## Exercise brief
One exact copy of the listing, minus the images, is the required answer.

## Task input
__________
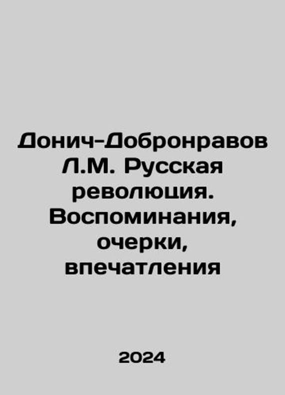 Donich-Dobronravov L.M. The Russian Revolution. Memories, Essays, Impressions In Russian /Donich-Dobronravov L.M. Russkaya revolyutsiya. Vospominaniya, ocherki, vpechatleniya In Russian. Moscow-St. Petersburg Nestor-History 2024. 304 p. We have thousands of titles and often several copies of each title may be available. Please feel free to contact us for a detailed description of the copies available. SKUalb948ef320fdb6680c
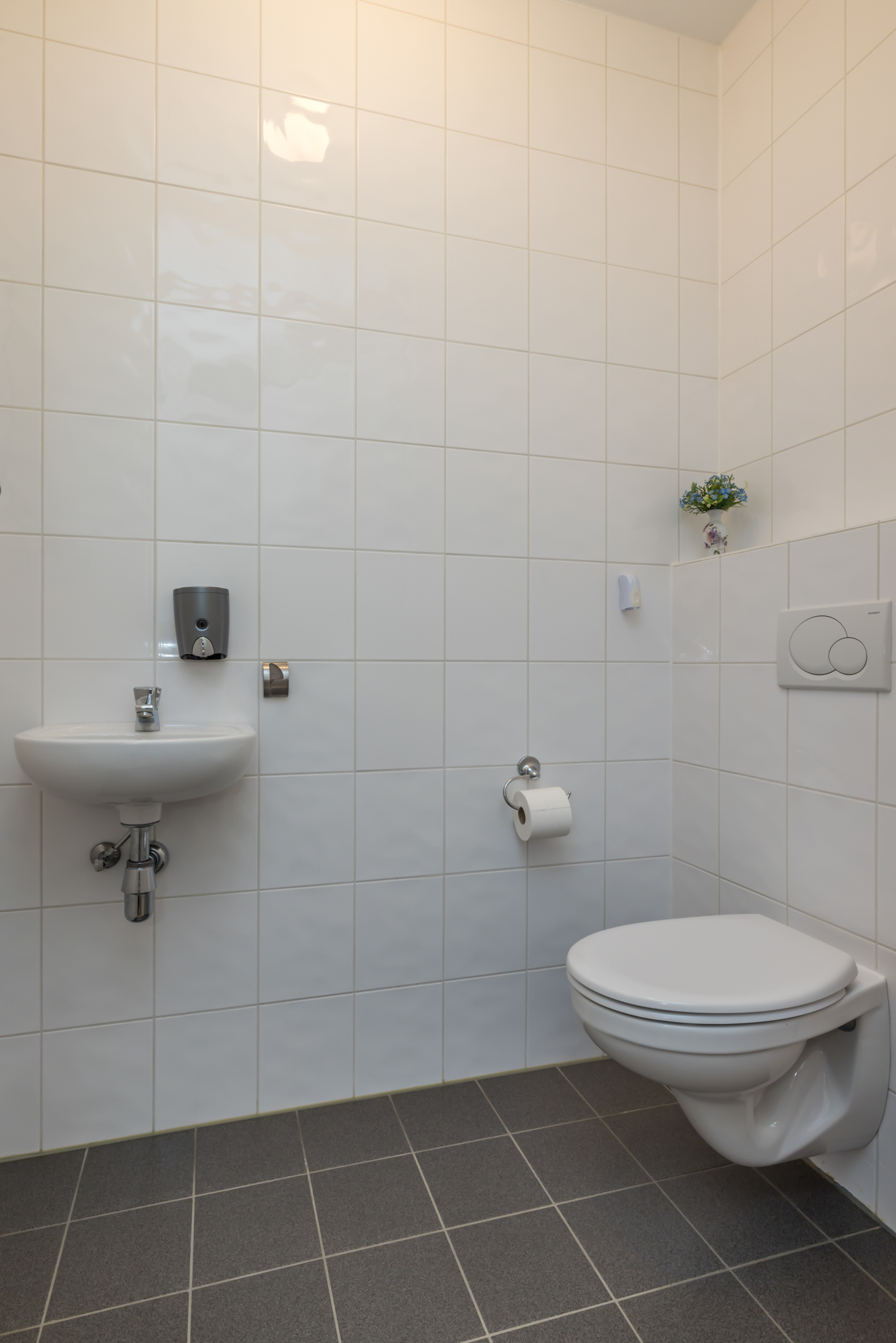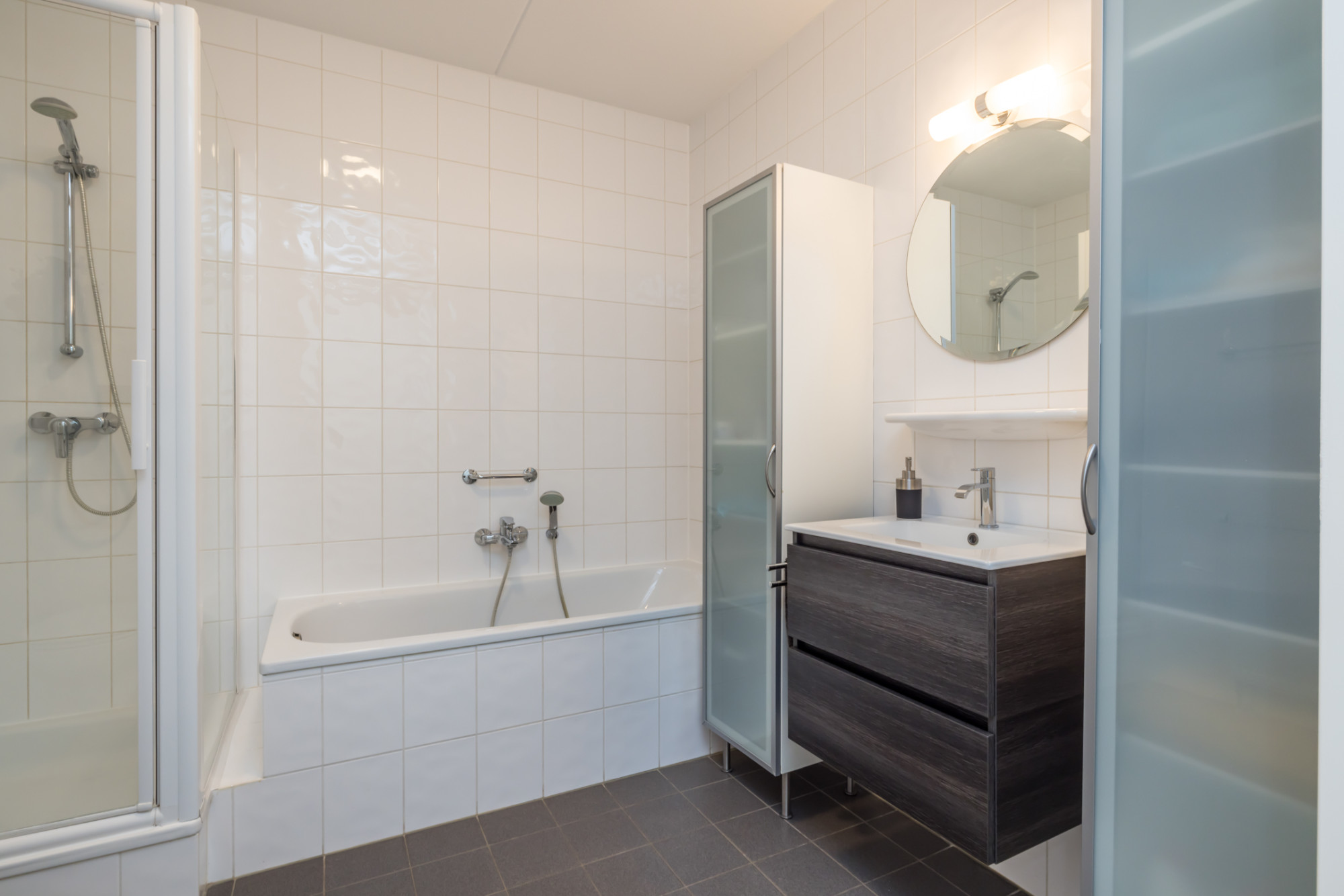 - betegelde badkamer met ligbad, douche, wastafel in meubel en wandcloset
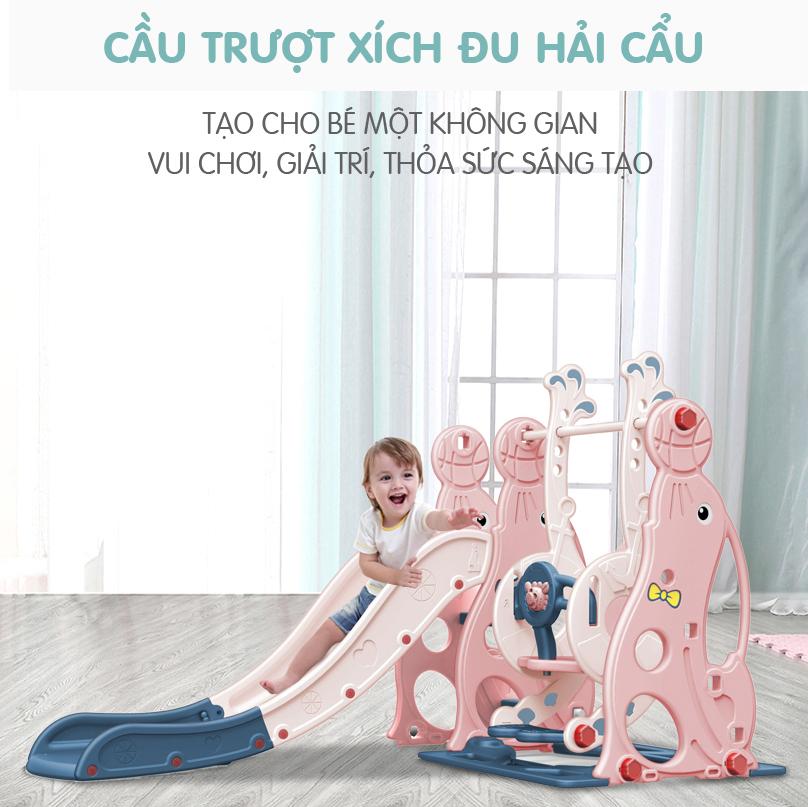 CẦU TRƯỢT XÍCH ĐU HẢI CẨU HOLLA 2020: CẦU TRƯỢT, XÍCH ĐU, BÓNG RỔ CHO BÉ VẬN ĐỘNG, CHẤT LIỆU NHỰA NGUYÊN SINH AN TOANG CHO BÉ
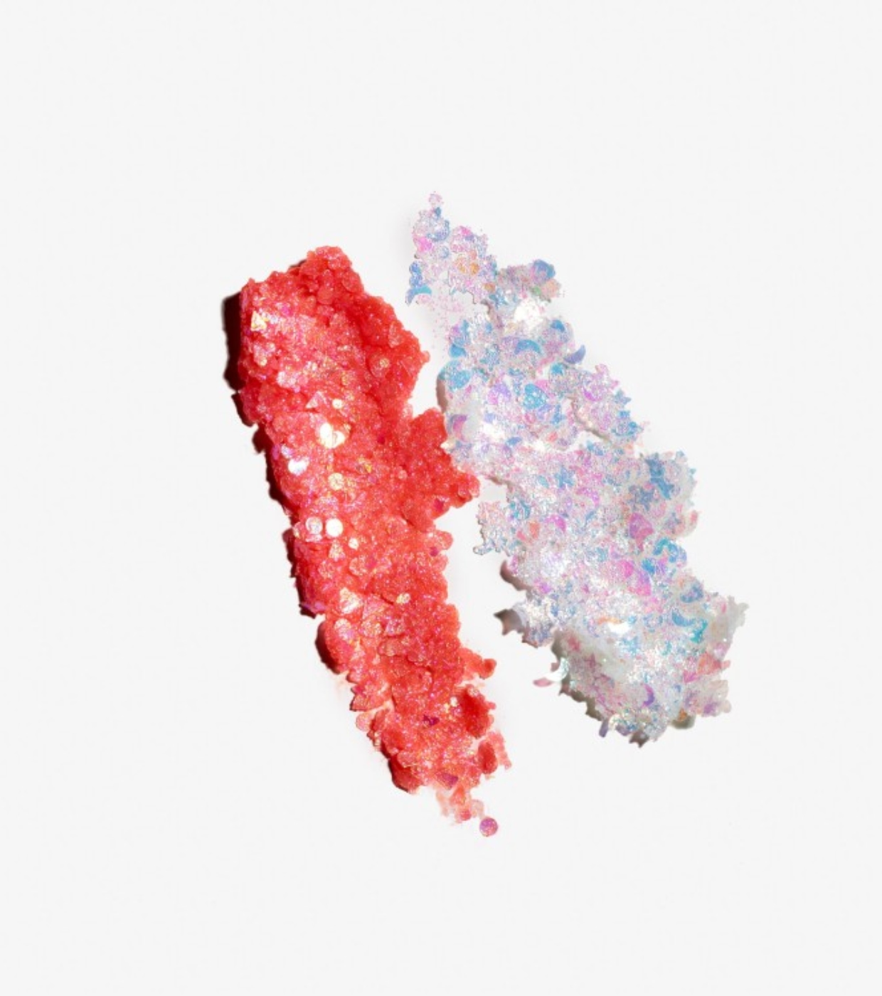 Creado en colaboración con Julia Żugaj, este glitter contiene partículas decorativas en forma de círculos y triángulos, que reflejan la luz con un efecto multidimensional y moderno.
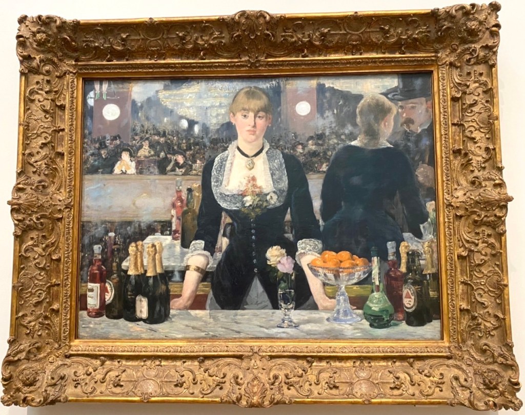 マネの「フォリー・ベルジェールのバー」の中で、鏡に映っているはずの客たちの空間が、カウンターの女性のいる現実との関係でどこかギクシャクしているために、現実から自立して存在しているようにも見える。
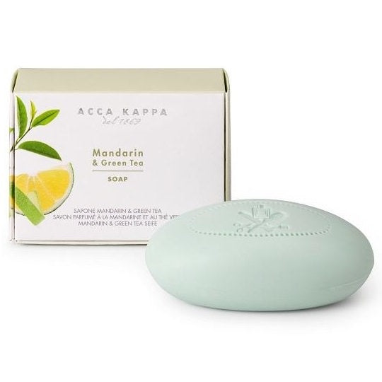 Acca Kappa Mandarin & Green Tea Zeep biedt een verkwikkende reiniging, geïnspireerd door de energie van citrusvruchten en de zachte zoetheid van groene thee. Deze plantaardige zeep, met zijn intense, frisse geur, roept de warme zonneschijn en geuren van de Middellandse Zee op, waardoor je het gevoel krijgt van een zomerse wandeling in een zacht briesje. De zeep wordt zorgvuldig gemaakt met pure plantaardige oliën, waarbij een speciale pasta wordt verkregen door schaafsel te smelten en met geur te vermengen. Het resultaat is een luxueuze, milde zeep die de huid zacht en gehydrateerd achterlaat.
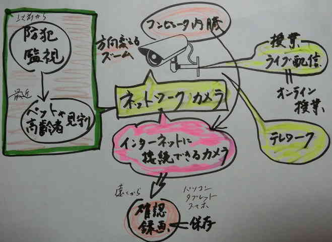 A ネットワークカメラは、遠隔地(離れた場所)からスマホでカメラの映像を確認したり、インターネット経由で録画データの保存ができたりします。映像を観るだけでなく、パソコン・スマホ・タブレットなどから操作して、撮影する方向を変えたりズームしたりすることも出来ます。お店の場合、万引きがないかどうかを離れた場所からスマホなどで監視できます。
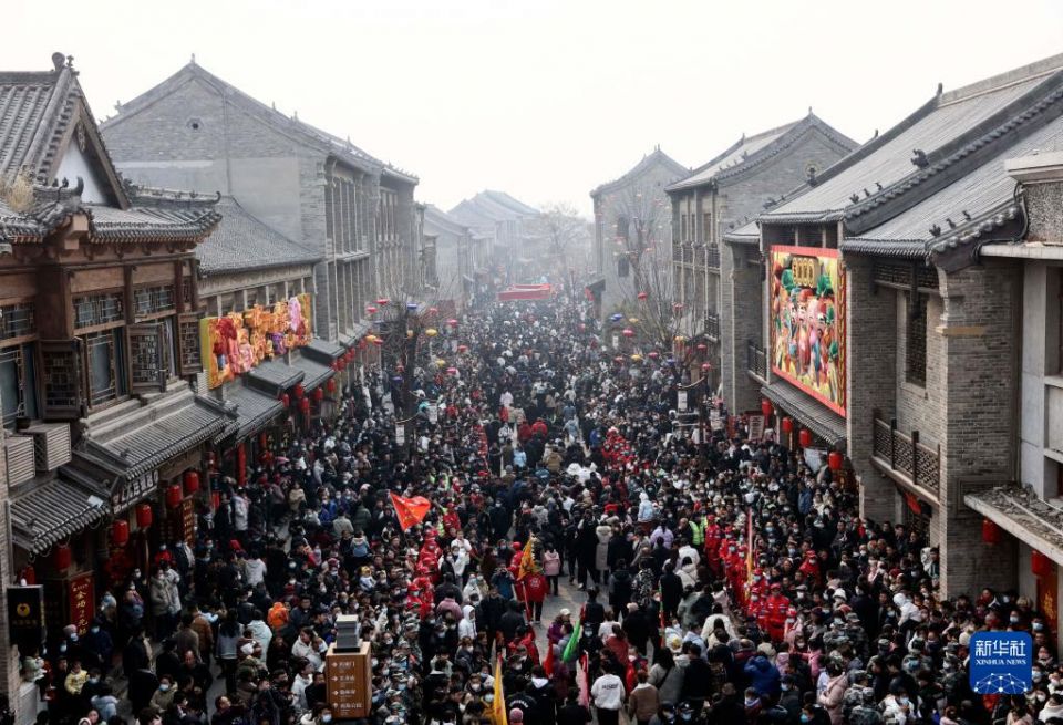 首页 千年庙会 社火闹春 2023-02-07 08:56:55 分享 2月6日,社火团队在庙会上行进。当日是农历正月十六,在河南省浚县举行的正月古庙会上,几十支社火团队轮番表演,踩高跷、扭秧歌、耍狮子,锣鼓喧天,热闹非凡,形成一道富有特 色的中原文化景观。河南省浚县的正月古庙会已有1600多年历史,有“华北第一庙会”之称,被誉为民俗文化的“活化石”,是中国民间文化保护工程项目、国 家级非物质文化遗产。新华社记者 兰红光 摄
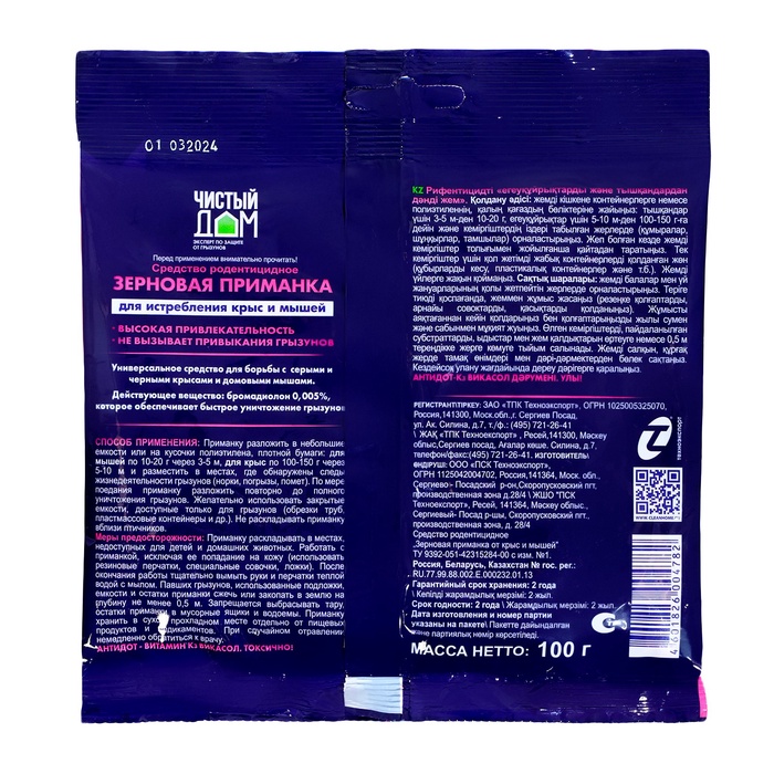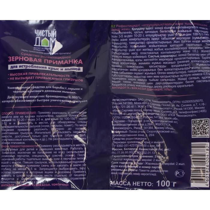 Способ применения: Зерновая приманку «Чистый дом» разложить в небольшие емкости или на кусочки полиэтилена, плотной бумаги: для мышей по 10-20 г через 3-5 м, для крыс по 100-150 г через 5-10 м и разместить в местах, где обнаружены следы жизнедеятельности грызунов (норки, погрызы, помет). По мере поедания приманку разложить повторно до полного уничтожения грызунов. Желательно использовать закрытые емкости, доступные только для грызунов (обрезки труб, пластмассовые контейнеры и др.).
__________
## Output of the exercise
 Donich-Dobronravov L.M. The Russian Revolution. Memories, Essays, Impressions In Russian /Donich-Dobronravov L.M. Russkaya revolyutsiya. Vospominaniya, ocherki, vpechatleniya In Russian. Moscow-St. Petersburg Nestor-History 2024. 304 p. We have thousands of titles and often several copies of each title may be available. Please feel free to contact us for a detailed description of the copies available. SKUalb948ef320fdb6680c
 - betegelde badkamer met ligbad, douche, wastafel in meubel en wandcloset
 CẦU TRƯỢT XÍCH ĐU HẢI CẨU HOLLA 2020: CẦU TRƯỢT, XÍCH ĐU, BÓNG RỔ CHO BÉ VẬN ĐỘNG, CHẤT LIỆU NHỰA NGUYÊN SINH AN TOANG CHO BÉ
 Creado en colaboración con Julia Żugaj, este glitter contiene partículas decorativas en forma de círculos y triángulos, que reflejan la luz con un efecto multidimensional y moderno.
 マネの「フォリー・ベルジェールのバー」の中で、鏡に映っているはずの客たちの空間が、カウンターの女性のいる現実との関係でどこかギクシャクしているために、現実から自立して存在しているようにも見える。
 Acca Kappa Mandarin & Green Tea Zeep biedt een verkwikkende reiniging, geïnspireerd door de energie van citrusvruchten en de zachte zoetheid van groene thee. Deze plantaardige zeep, met zijn intense, frisse geur, roept de warme zonneschijn en geuren van de Middellandse Zee op, waardoor je het gevoel krijgt van een zomerse wandeling in een zacht briesje. De zeep wordt zorgvuldig gemaakt met pure plantaardige oliën, waarbij een speciale pasta wordt verkregen door schaafsel te smelten en met geur te vermengen. Het resultaat is een luxueuze, milde zeep die de huid zacht en gehydrateerd achterlaat.
 A ネットワークカメラは、遠隔地(離れた場所)からスマホでカメラの映像を確認したり、インターネット経由で録画データの保存ができたりします。映像を観るだけでなく、パソコン・スマホ・タブレットなどから操作して、撮影する方向を変えたりズームしたりすることも出来ます。お店の場合、万引きがないかどうかを離れた場所からスマホなどで監視できます。
 首页 千年庙会 社火闹春 2023-02-07 08:56:55 分享 2月6日,社火团队在庙会上行进。当日是农历正月十六,在河南省浚县举行的正月古庙会上,几十支社火团队轮番表演,踩高跷、扭秧歌、耍狮子,锣鼓喧天,热闹非凡,形成一道富有特 色的中原文化景观。河南省浚县的正月古庙会已有1600多年历史,有“华北第一庙会”之称,被誉为民俗文化的“活化石”,是中国民间文化保护工程项目、国 家级非物质文化遗产。新华社记者 兰红光 摄
 Способ применения: Зерновая приманку «Чистый дом» разложить в небольшие емкости или на кусочки полиэтилена, плотной бумаги: для мышей по 10-20 г через 3-5 м, для крыс по 100-150 г через 5-10 м и разместить в местах, где обнаружены следы жизнедеятельности грызунов (норки, погрызы, помет). По мере поедания приманку разложить повторно до полного уничтожения грызунов. Желательно использовать закрытые емкости, доступные только для грызунов (обрезки труб, пластмассовые контейнеры и др.).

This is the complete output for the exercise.